To all my TWU Brothers/Sisters maybe you will feel better about the PP you will be voting on soon in a JCBA if it's renamed IAMTWUNPF ?
Pacific Southwest Airlines the original LCC .
CHEERS !
 
When we get a JCBA, the last of our issues will be the 401K and/or the IAMNPP.

Doesn't seem like this thing will have a chance of passage in the first go round.
 
When we get a JCBA, the last of our issues will be the 401K and/or the IAMNPP.

Doesn't seem like this thing will have a chance of passage in the first go round.
Based on what?
 
My retirement vehicle is just fine , and , Me , myself and I are in 100% control of my money.

Edit to add:
Those in the IAMPF were damaged more than my 401 was.
Yes, Pension funds are in the market too, but you aren't allowed to move your money into cash if you see trouble coming.
My 401 was in cash, again, i control it , no one else.
You are correct Traymark. And I would like to pass on this little note. Tonight on the Dave Ramsey radio show a person called in and asked if he should take a mandatory 8% employee contribution to a pension fund, OR, go with the 401K option with a 6% match by the co. Dave said no brainer, go the 401K route. Number one reason was because of controllability by the employee. With the pensions no employee has ANY control what-so-ever-period. With the 401K the employee has 100% control of when they are in or out. Which is exactly what I have been saying for some time now. Anyone out here that tells you you don't have 100% control of your 401K accounts is a complete moron and does not know what they are talking about. Ask any financial advisor and 90% of all the good ones will tell you to go with the 401K over the pension options. Ramsey also said that a very close second reason is because of the failure rate of the pensions in the past and that the majority of the existing pensions (other than CEO's pensions) are underfunded and more than likely will in fact end up with the government long before the retirement age and frozen. A very bad history with pensions. Just wanted to pass that on to you guys from a professional retirement advisor, good luck...
 
Based on what?

It's just that there will be a lot of changes and it doesn't seem either group is open to changes. It seems there will be many instances where the changes will be labeled as "concessions" and that swell will grow.
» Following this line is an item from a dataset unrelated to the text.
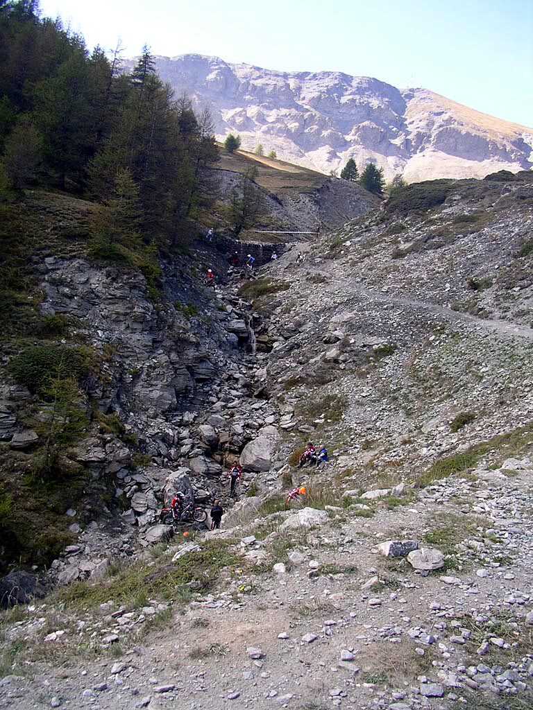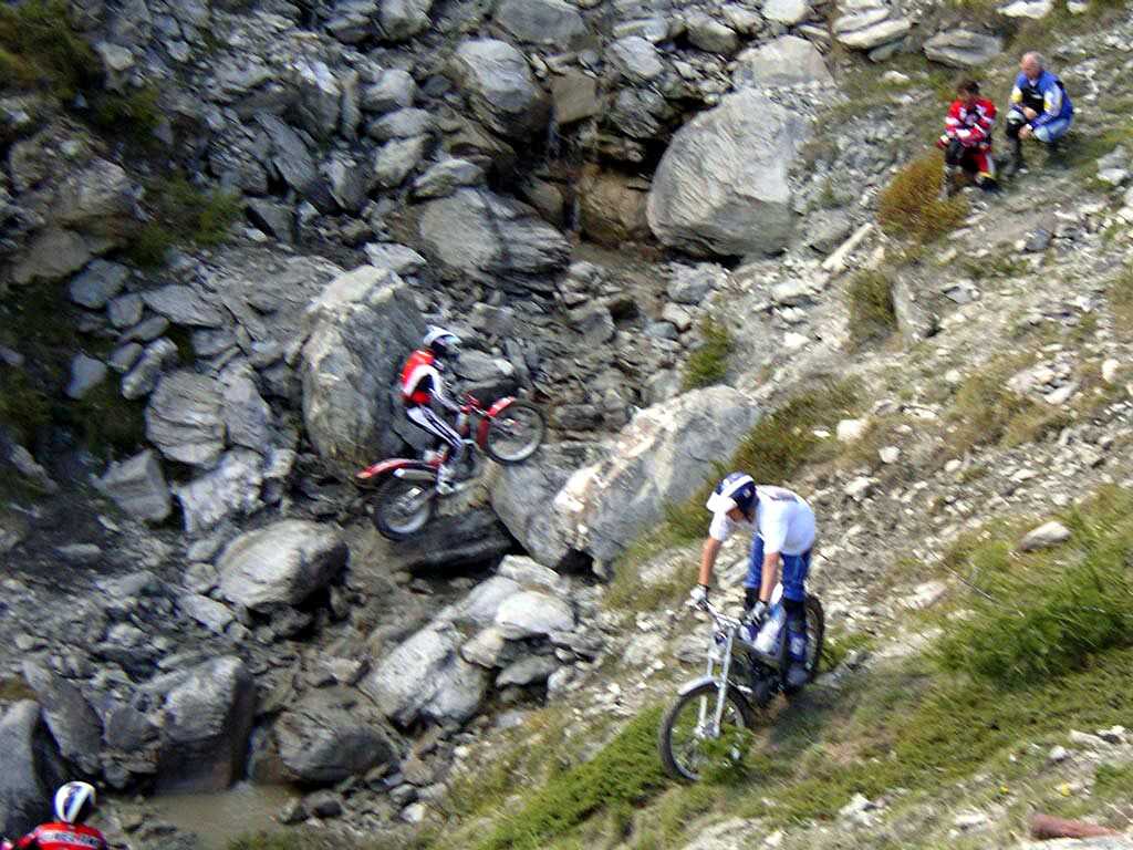 Kurz vor Sestrieres tummelten sich bunte Menschen auf motorbetriebenen Maschinen in Bachbetten rum. Was sich erst als lokale Veranstaltung darstellte, war allerdings die Aufwärmstrecke für die stattfindende Trial Weltmeisterschaft, leckere Strecken. Die Verbindungsetappe fand ich schon aufregend genug.

The expectations that were set was "industry leading," but the meaning to that was not sufficiently explained, and the proper expectations have not been set so the content of a JCBA will be open to everyone's interpretation and we all can see how that varies.
 
You are correct Traymark. And I would like to pass on this little note. Tonight on the Dave Ramsey radio show a person called in and asked if he should take a mandatory 8% employee contribution to a pension fund, OR, go with the 401K option with a 6% match by the co. Dave said no brainer, go the 401K route. Number one reason was because of controllability by the employee. With the pensions no employee has ANY control what-so-ever-period. With the 401K the employee has 100% control of when they are in or out. Which is exactly what I have been saying for some time now. Anyone out here that tells you you don't have 100% control of your 401K accounts is a complete moron and does not know what they are talking about. Ask any financial advisor and 90% of all the good ones will tell you to go with the 401K over the pension options. Ramsey also said that a very close second reason is because of the failure rate of the pensions in the past and that the majority of the existing pensions (other than CEO's pensions) are underfunded and more than likely will in fact end up with the government long before the retirement age and frozen. A very bad history with pensions. Just wanted to pass that on to you guys from a professional retirement advisor, good luck...


So I have you and this Radio guy say I have 100% control on getting in or out of my 401k if there's a collapse on the horizon that I'm forecasting say a week or two from now? Ok I'm 52 can I draw all my money out of my Super Saver account and put it in the bank to ride out the storm? No. Sure I can change investments to the lowest risk areas I can find out there but my investments are still going to be under siege.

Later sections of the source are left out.